The 2023 regional election had seen the "Botànic Agreement" of left-of-centre parties being ousted from power by an alliance of the People's Party (PP) and the far-right Vox party, which formed a coalition government under regional PP leader Carlos Mazón. Negotiations for forming the new Mazón's government coincided with the electoral campaign of the 2023 Spanish general election, a factor which was said to contribute to the PP's electoral disappointment by evidencing the party's willingness to allow the far-right into government despite public pledges to the contrary. This coalition lasted until July 2024, when Vox's national leader Santiago Abascal forced the break up of all PP–Vox regional governments over a controversy regarding the nationwide distribution of unaccompanied migrant minors among the autonomous communities, leading Mazón to immediately dismiss all Vox ministers in his cabinet.

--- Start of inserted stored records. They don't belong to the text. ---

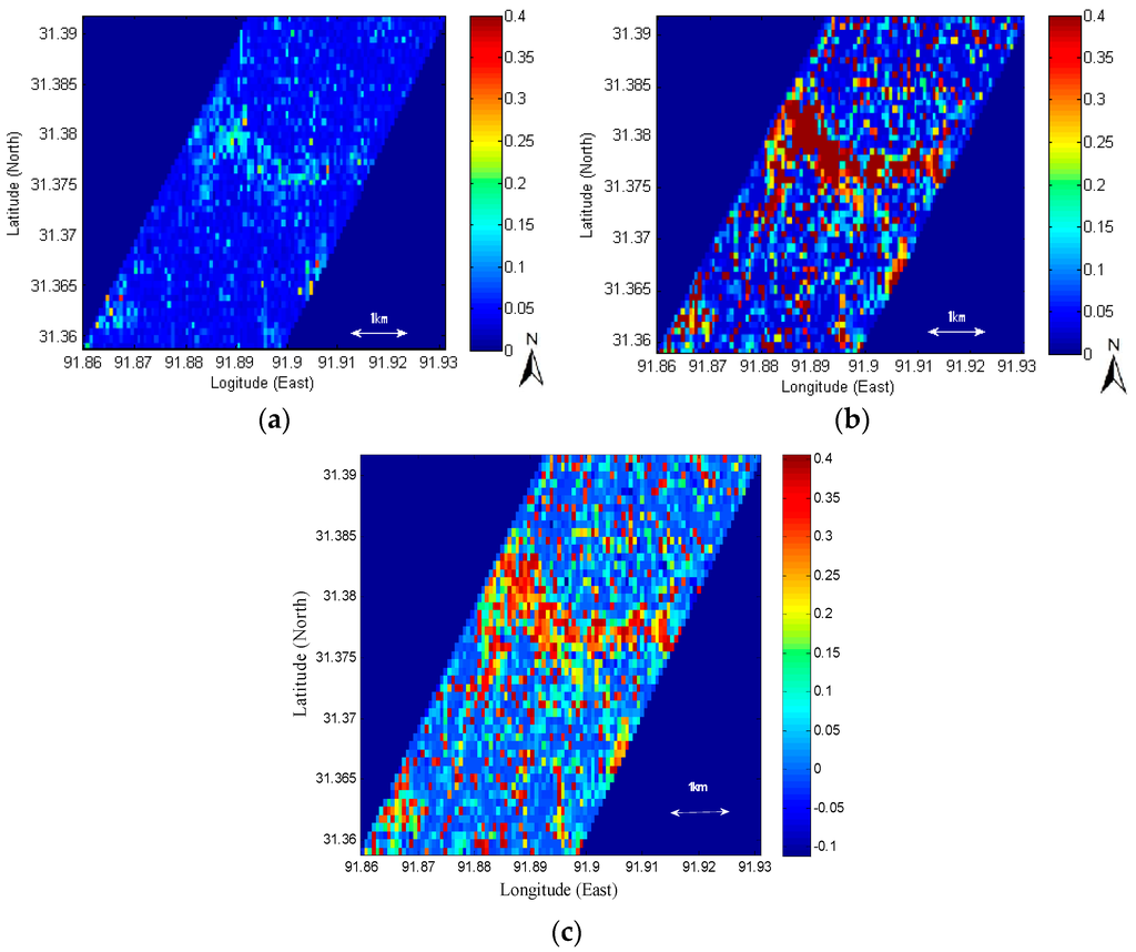 The entire study area was estimated to be mostly dry by a calibrated SVAT model in Figure 6a, while the SAR-retrieved surface soil moisture in Figure 6b was estimated to be much higher than that. The model estimation of those was considered more reliable, based upon the time-average field measurements of soil moisture at 0.0614 m3/m3 during experimental period, and the lowest RMSEs in Figure 5. A spatial average of SAR surface soil moisture was much higher at 0.1140 m3/m3 than that of a calibrated SVAT model at 0.0565 m3/m3. This SAR overestimation in Figure 6b is attributed to the roughness inversion errors. First, the assumption of time-invariance used in Section 2.2.1 as the method for inverting roughness is violated in the event of rain, because the roughness in fact changes due to changes in penetration depth or a film of standing water formed by rain (0.4 mm/d, according to the field measurements). In addition, Figure 2 also supports this. A large difference (model-minus-SAR retrievals) in Figure 6c overlaps with the difference in soil moisture retrievals between Figure 2a,b in Section 3.1 arising from difference in roughness conditions. Based upon consistency between this Section, and Section 3.1, it is considered that Figure 6c further supports the finding that the overestimation of SAR soil moisture is related to roughness.
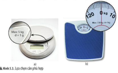 - Để đo khối lượng cơ thể ta dùng cân ở hình 5.3b vì cân có GHĐ là 120kg mà ước lượng thấy khối lượng cơ thể người nhỏ hơn hoặc có thể bằng 120kg và lớn hơn rất nhiều lần so với 5kg => Chọn cân ở hình b là phù hợp.
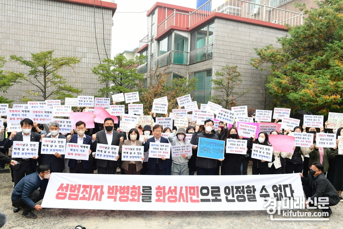 수원 발발이로 알려진 연쇄 성폭행범 박병화 40가 31일 출소한 가운데 새 거주지로 경기도 화성시를 선택한 것으로 알려졌다. 이들은 성범죄자 박병화 화성시 거주 절대 반대 법무부는 대책 없는 박병화 출소 및 화성시 거주 계획을 즉각 철회하라 아이 낳고 안전하게. 1 day ago게재 일자.
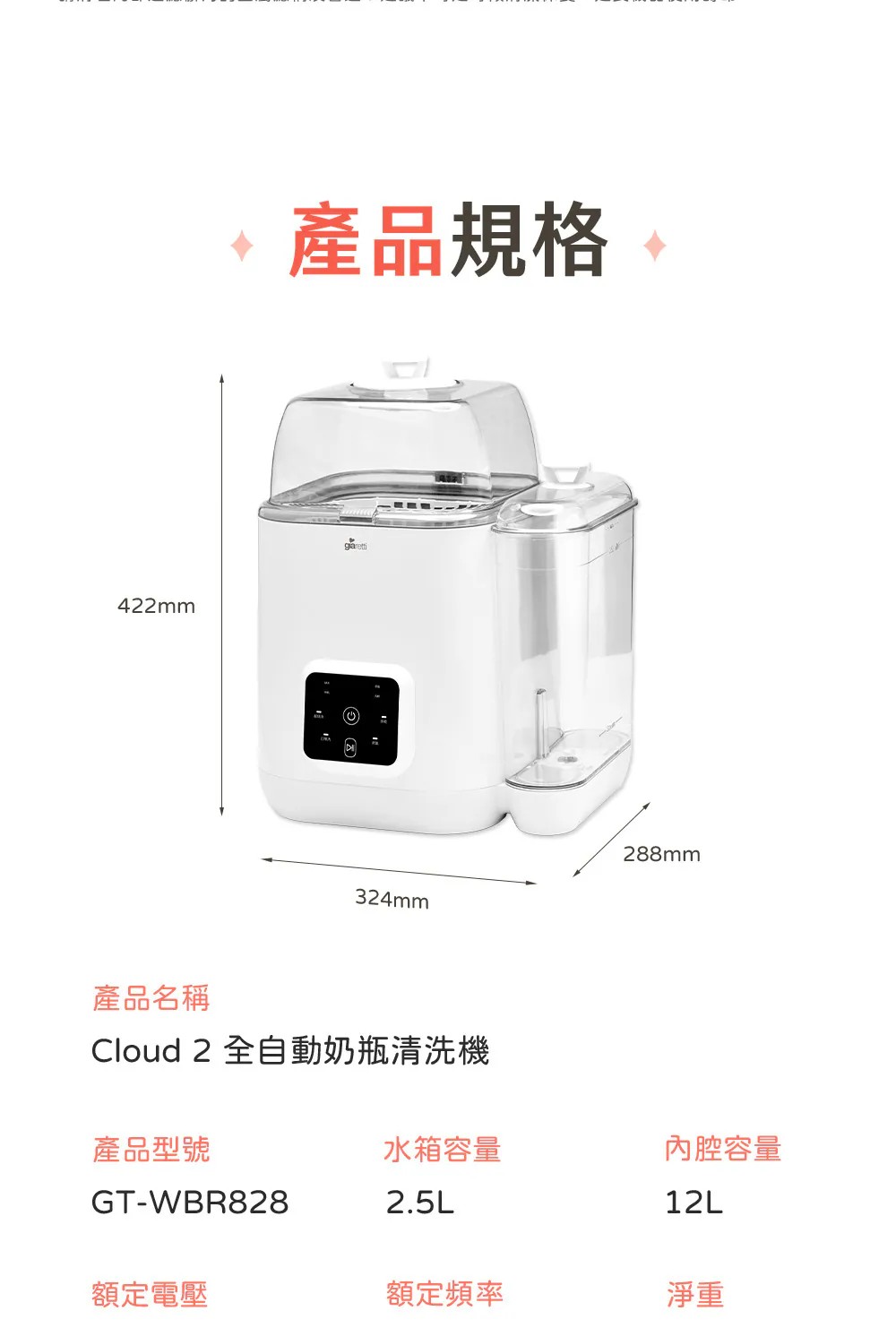 【義大利Giaretti珈樂堤】CLOUD-2 全自動奶瓶清洗機(GT-WBR828)
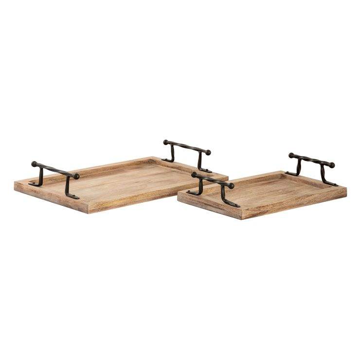 Bandeja de tocador de madera de diseño personalizado con asas de metal Bandeja de joyería de tocador de almacenamiento de encimera Utensilios de cocina decorativos Bandeja de servicio
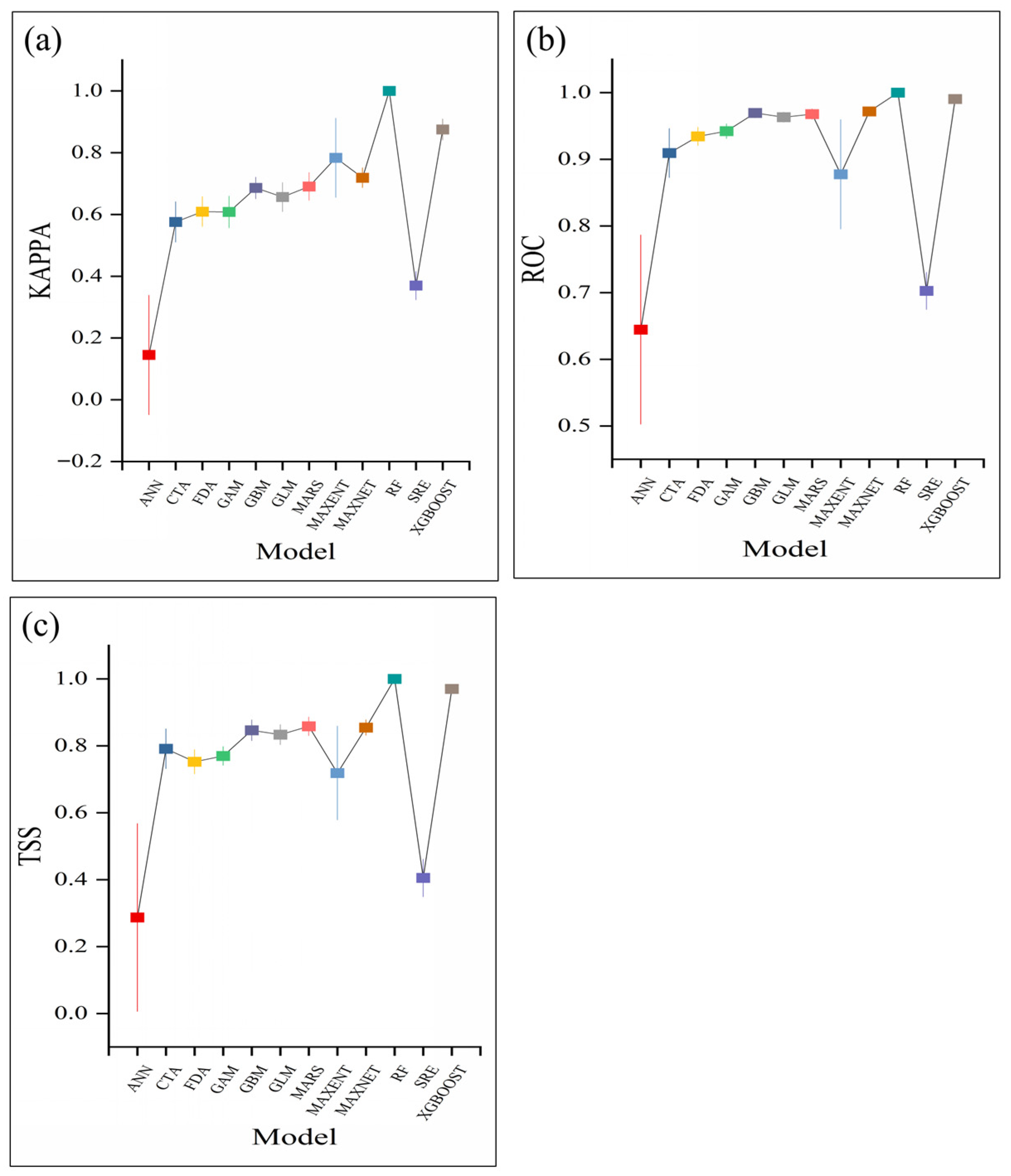 - Duan, R.-Y.; Kong, X.-Q.; Huang, M.-Y.; Fan, W.-Y.; Wang, Z.-G. The predictive performance and stability of six species distribution models. PLoS ONE 2014, 9, e112764. [Google Scholar] [CrossRef] [PubMed]
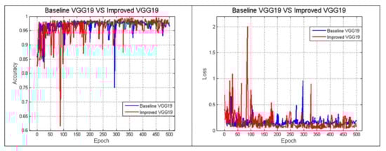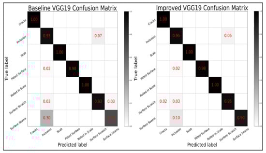 For the differences between the baseline VGG19 and the improved VGG19, we compared their confusion matrix, precision, recall, and F1-score of the two models in Figure 17 and Table 2. The improved VGG19 network performs slightly better than the baseline VGG19 in six types of defects, but the improved VGG19 performs significantly better in the surface seams defects. The experimental results show that the improved VGG19 network proposed in this paper has high practicability and reliability; it has a certain practical value for strip steel defects detection. In view of the limitations of research content, it is hoped that machine vision can be combined with various sensor technologies to achieve the comprehensive evaluation of multi-modal data fusion for defect detection and grading of strip steel, so as to improve the accuracy and real-time performance of this model, and allow it to better adapt to actual strip steel production in the future.
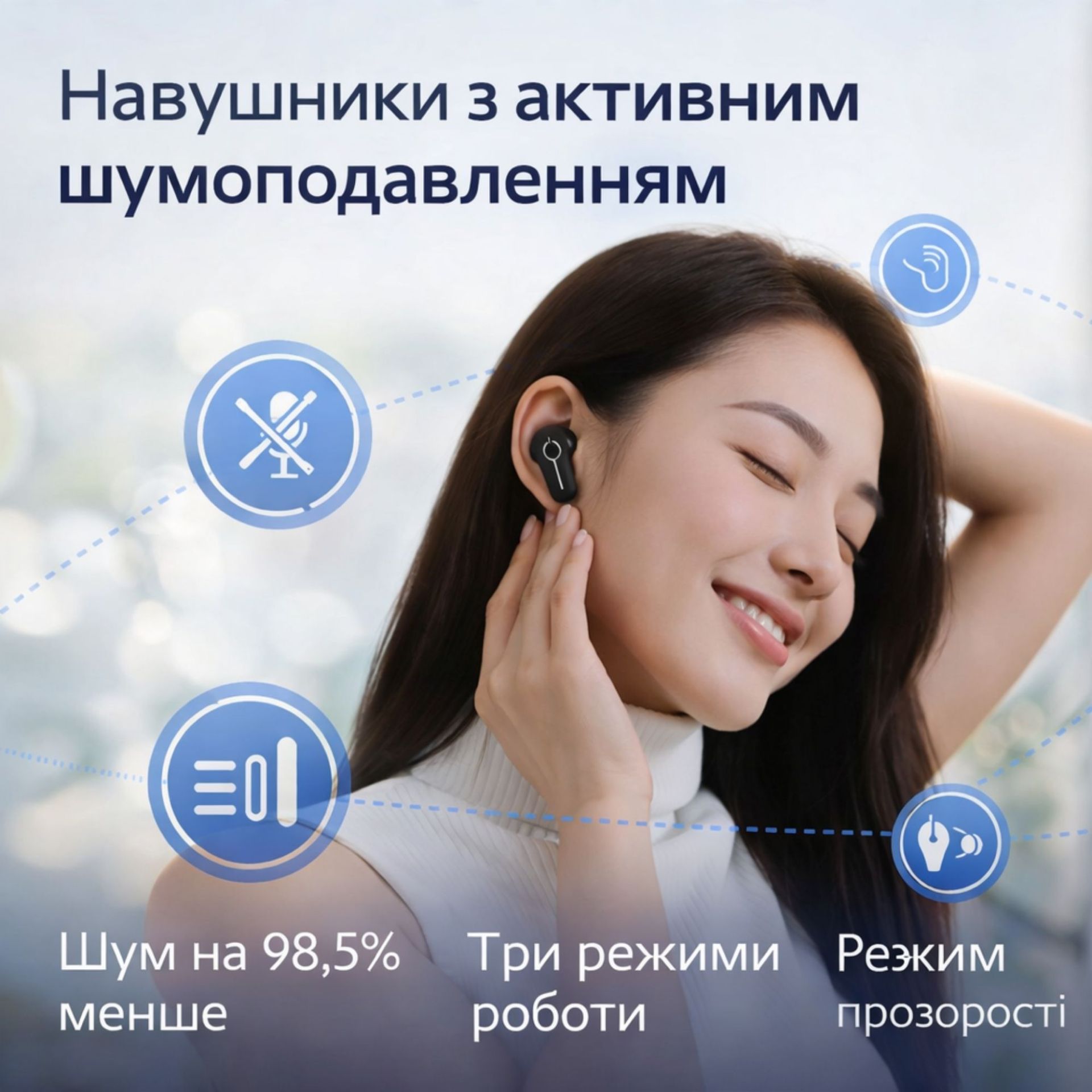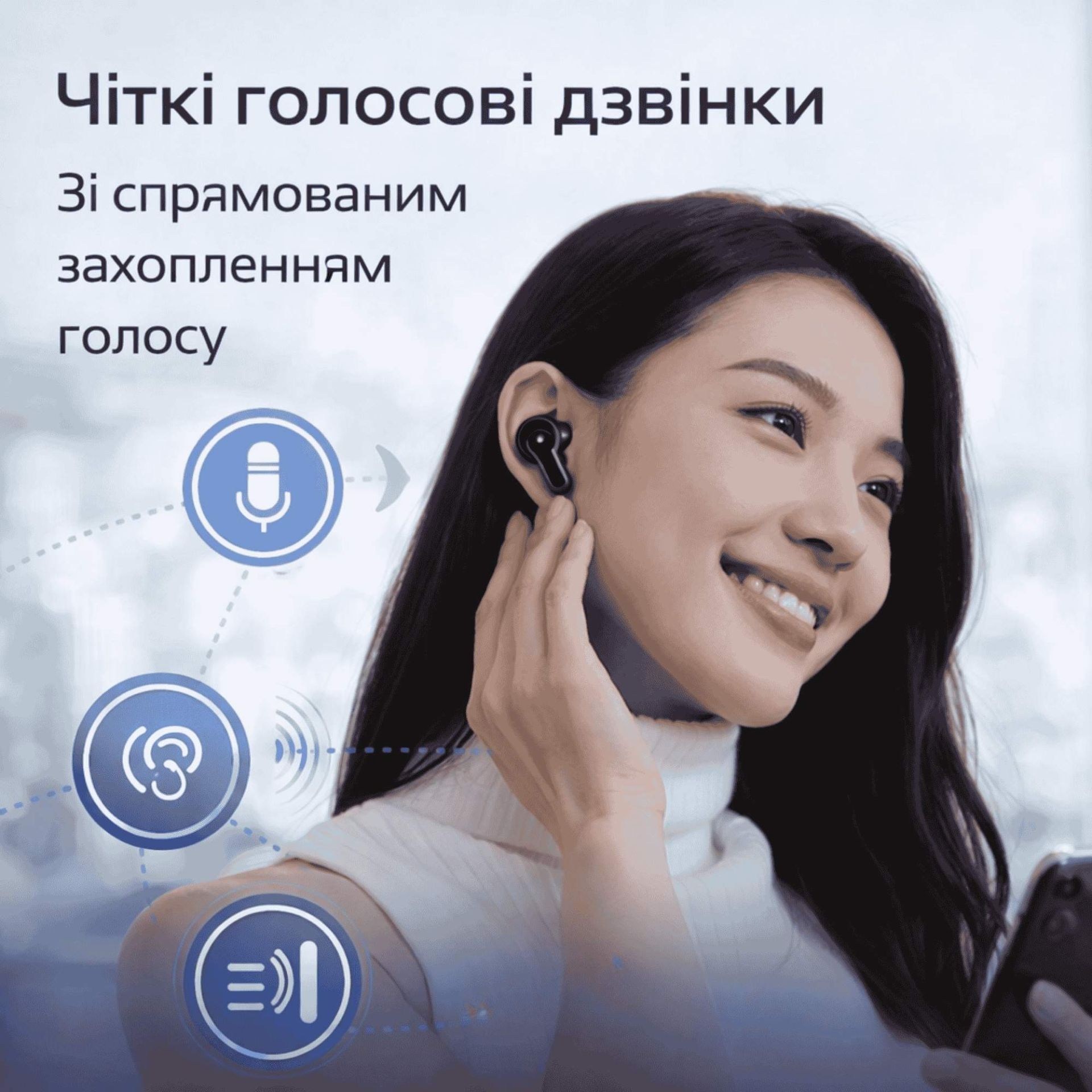 Модель оснащена 4 микрофонами с AI шумоподавлением, что гарантирует четкую передачу голоса во время вызова. Глубина шумоподавления до -42 dB эффективно снижает шум транспорта, улицы или офиса.
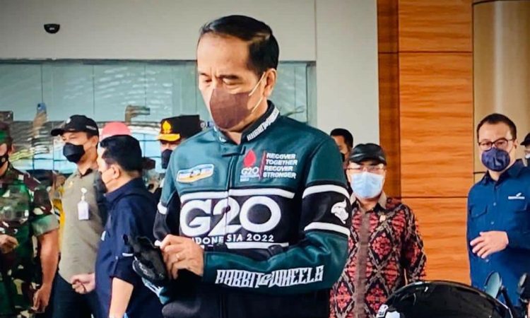Uniknya, kali ini jaket yang dipakai Presiden Jokowi saat berkendara motor adalah jaket ubah suaian (custom) edisi terbatas dengan tema G20 Indonesia. Jaket buatan produsen lokal asal Kota Bandung, Rabbit and Wheels, tersebut berwarna dominan hitam dengan sedikit aksen warna hijau tua di bagian lengan dan bahu.

Mazón's tenure was overshadowed by the 29 October 2024 floods across the province of Valencia, caused by torrential rains that brought over a year's worth of precipitation, resulting in one of the deadliest natural disasters in Spanish history with 237 deaths—229 in the province of Valencia alone—and substantial property damage. The Valencian government was criticized for its lack of emergency preparedness and poor disaster response, with Mazón initially downplaying the scale of the floods, then remaining unreachable and his emergency services paralyzed during the most critical hours of the crisis, a late sending of emergency alerts to the endangered population—which arrived when hundreds were already trapped or dying—and the apparent inability of regional authorities to cooperate adequately with the national government. A judicial probe for reckless homicide over alleged negligence in the management of the crisis was opened on several high-ranking regional officers, including the regional minister responsible for emergency services at the time of the floods, while Mazón's popularity plummeted in opinion polls amid his constant changes of story about his whereabouts during the height of the disaster.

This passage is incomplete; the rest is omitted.